- **Work required**:
Each line of the records needs to be written out exactly, with any image left out.

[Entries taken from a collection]

Segment Open

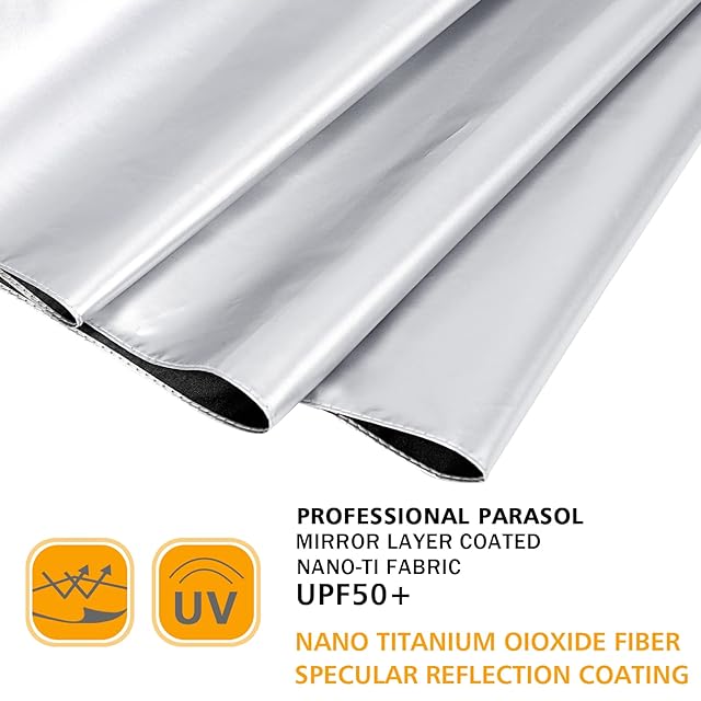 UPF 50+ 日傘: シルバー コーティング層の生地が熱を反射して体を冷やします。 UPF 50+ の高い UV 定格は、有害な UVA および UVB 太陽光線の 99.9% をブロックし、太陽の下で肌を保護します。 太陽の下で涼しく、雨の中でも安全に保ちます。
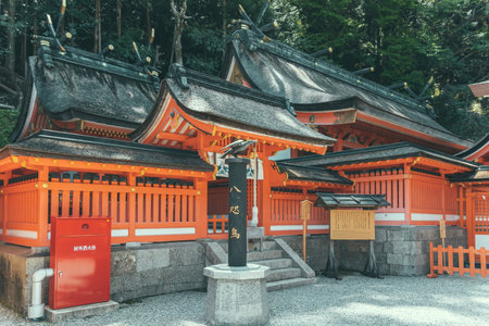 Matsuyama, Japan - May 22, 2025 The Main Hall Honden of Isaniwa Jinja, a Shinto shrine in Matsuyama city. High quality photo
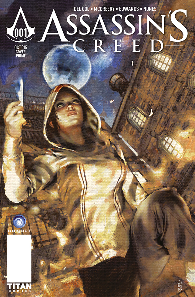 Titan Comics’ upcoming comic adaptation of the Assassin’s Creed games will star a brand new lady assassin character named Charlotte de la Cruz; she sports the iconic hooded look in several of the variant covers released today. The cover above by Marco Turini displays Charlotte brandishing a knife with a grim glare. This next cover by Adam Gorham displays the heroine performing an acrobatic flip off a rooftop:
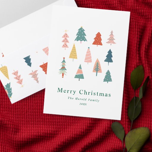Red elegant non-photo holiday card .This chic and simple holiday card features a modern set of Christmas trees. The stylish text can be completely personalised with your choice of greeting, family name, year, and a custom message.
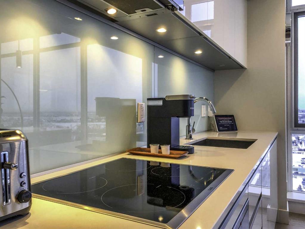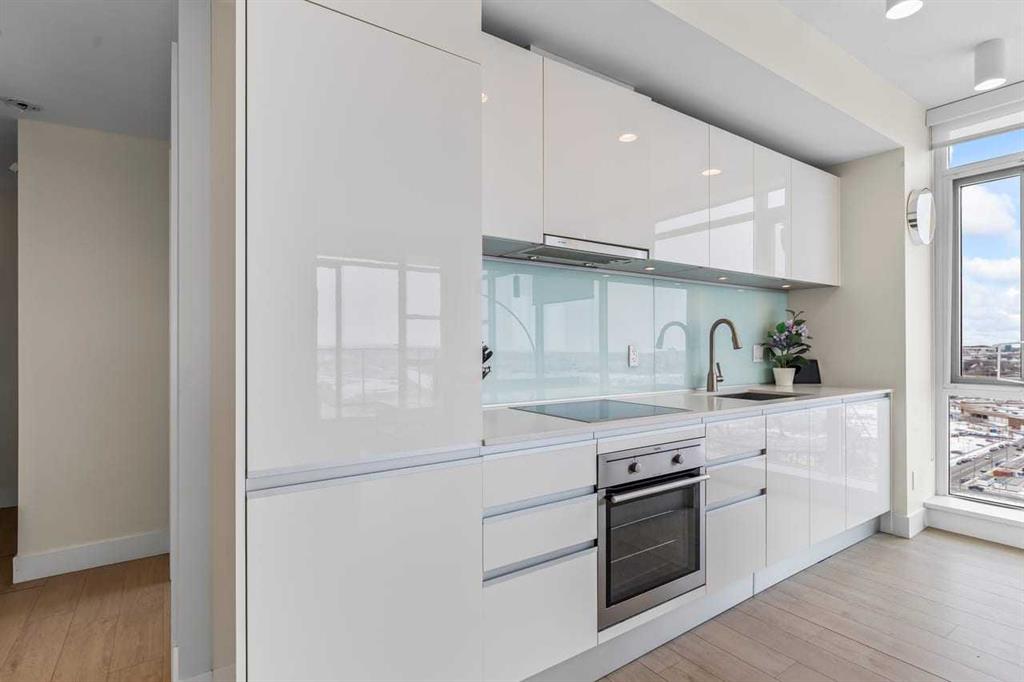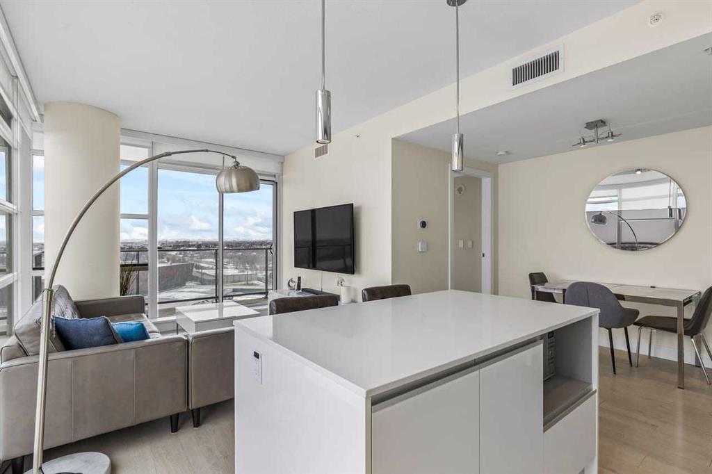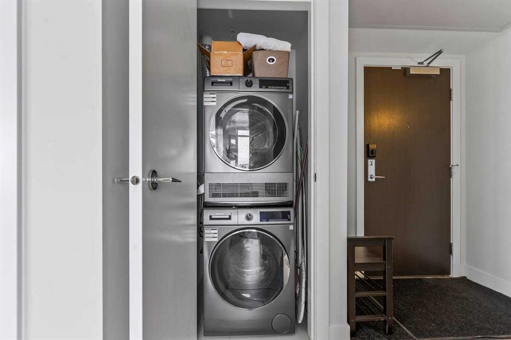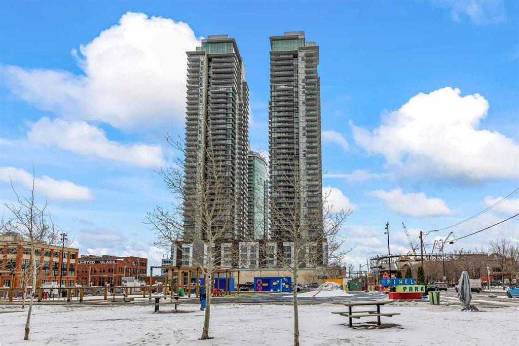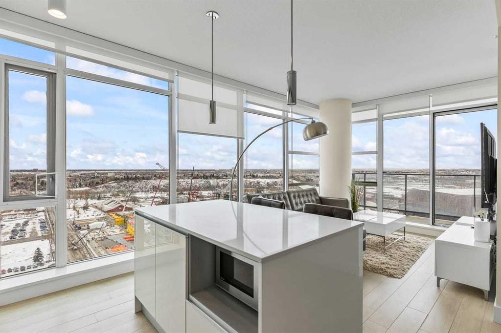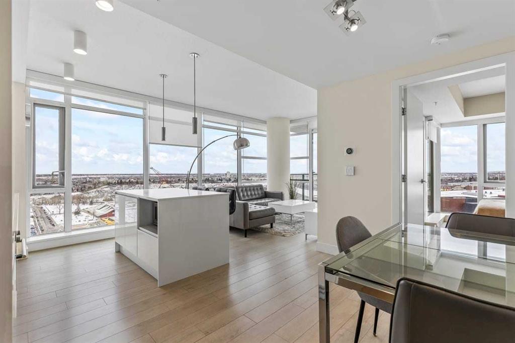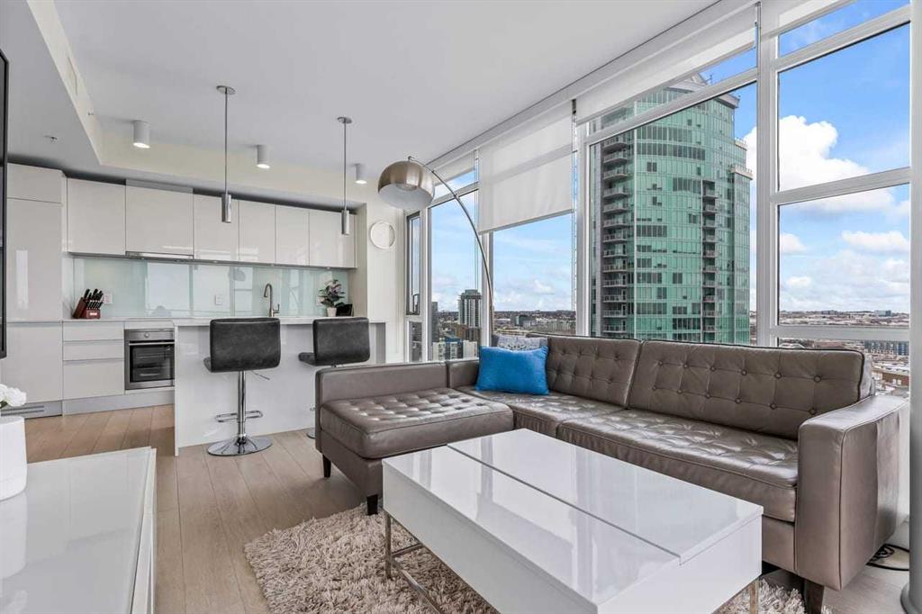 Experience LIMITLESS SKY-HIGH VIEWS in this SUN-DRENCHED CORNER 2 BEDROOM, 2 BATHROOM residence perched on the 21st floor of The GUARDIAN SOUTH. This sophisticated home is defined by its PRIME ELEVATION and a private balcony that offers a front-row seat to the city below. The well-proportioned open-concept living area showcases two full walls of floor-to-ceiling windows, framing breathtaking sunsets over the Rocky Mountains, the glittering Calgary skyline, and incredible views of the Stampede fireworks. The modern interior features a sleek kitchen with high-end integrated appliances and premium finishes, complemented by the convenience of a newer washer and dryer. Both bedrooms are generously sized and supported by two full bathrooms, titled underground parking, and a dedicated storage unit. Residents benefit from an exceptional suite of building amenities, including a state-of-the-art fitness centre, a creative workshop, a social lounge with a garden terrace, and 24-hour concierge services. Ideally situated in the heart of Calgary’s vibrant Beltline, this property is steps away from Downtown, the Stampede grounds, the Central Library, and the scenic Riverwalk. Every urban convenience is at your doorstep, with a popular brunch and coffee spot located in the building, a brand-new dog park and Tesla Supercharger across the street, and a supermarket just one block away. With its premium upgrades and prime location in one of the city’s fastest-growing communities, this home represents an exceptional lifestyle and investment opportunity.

Segment Closed

- **The answer**:
 UPF 50+ 日傘: シルバー コーティング層の生地が熱を反射して体を冷やします。 UPF 50+ の高い UV 定格は、有害な UVA および UVB 太陽光線の 99.9% をブロックし、太陽の下で肌を保護します。 太陽の下で涼しく、雨の中でも安全に保ちます。
 Matsuyama, Japan - May 22, 2025 The Main Hall Honden of Isaniwa Jinja, a Shinto shrine in Matsuyama city. High quality photo
 Titan Comics’ upcoming comic adaptation of the Assassin’s Creed games will star a brand new lady assassin character named Charlotte de la Cruz; she sports the iconic hooded look in several of the variant covers released today. The cover above by Marco Turini displays Charlotte brandishing a knife with a grim glare. This next cover by Adam Gorham displays the heroine performing an acrobatic flip off a rooftop:
Red elegant non-photo holiday card .This chic and simple holiday card features a modern set of Christmas trees. The stylish text can be completely personalised with your choice of greeting, family name, year, and a custom message.
 Experience LIMITLESS SKY-HIGH VIEWS in this SUN-DRENCHED CORNER 2 BEDROOM, 2 BATHROOM residence perched on the 21st floor of The GUARDIAN SOUTH. This sophisticated home is defined by its PRIME ELEVATION and a private balcony that offers a front-row seat to the city below. The well-proportioned open-concept living area showcases two full walls of floor-to-ceiling windows, framing breathtaking sunsets over the Rocky Mountains, the glittering Calgary skyline, and incredible views of the Stampede fireworks. The modern interior features a sleek kitchen with high-end integrated appliances and premium finishes, complemented by the convenience of a newer washer and dryer. Both bedrooms are generously sized and supported by two full bathrooms, titled underground parking, and a dedicated storage unit. Residents benefit from an exceptional suite of building amenities, including a state-of-the-art fitness centre, a creative workshop, a social lounge with a garden terrace, and 24-hour concierge services. Ideally situated in the heart of Calgary’s vibrant Beltline, this property is steps away from Downtown, the Stampede grounds, the Central Library, and the scenic Riverwalk. Every urban convenience is at your doorstep, with a popular brunch and coffee spot located in the building, a brand-new dog park and Tesla Supercharger across the street, and a supermarket just one block away. With its premium upgrades and prime location in one of the city’s fastest-growing communities, this home represents an exceptional lifestyle and investment opportunity.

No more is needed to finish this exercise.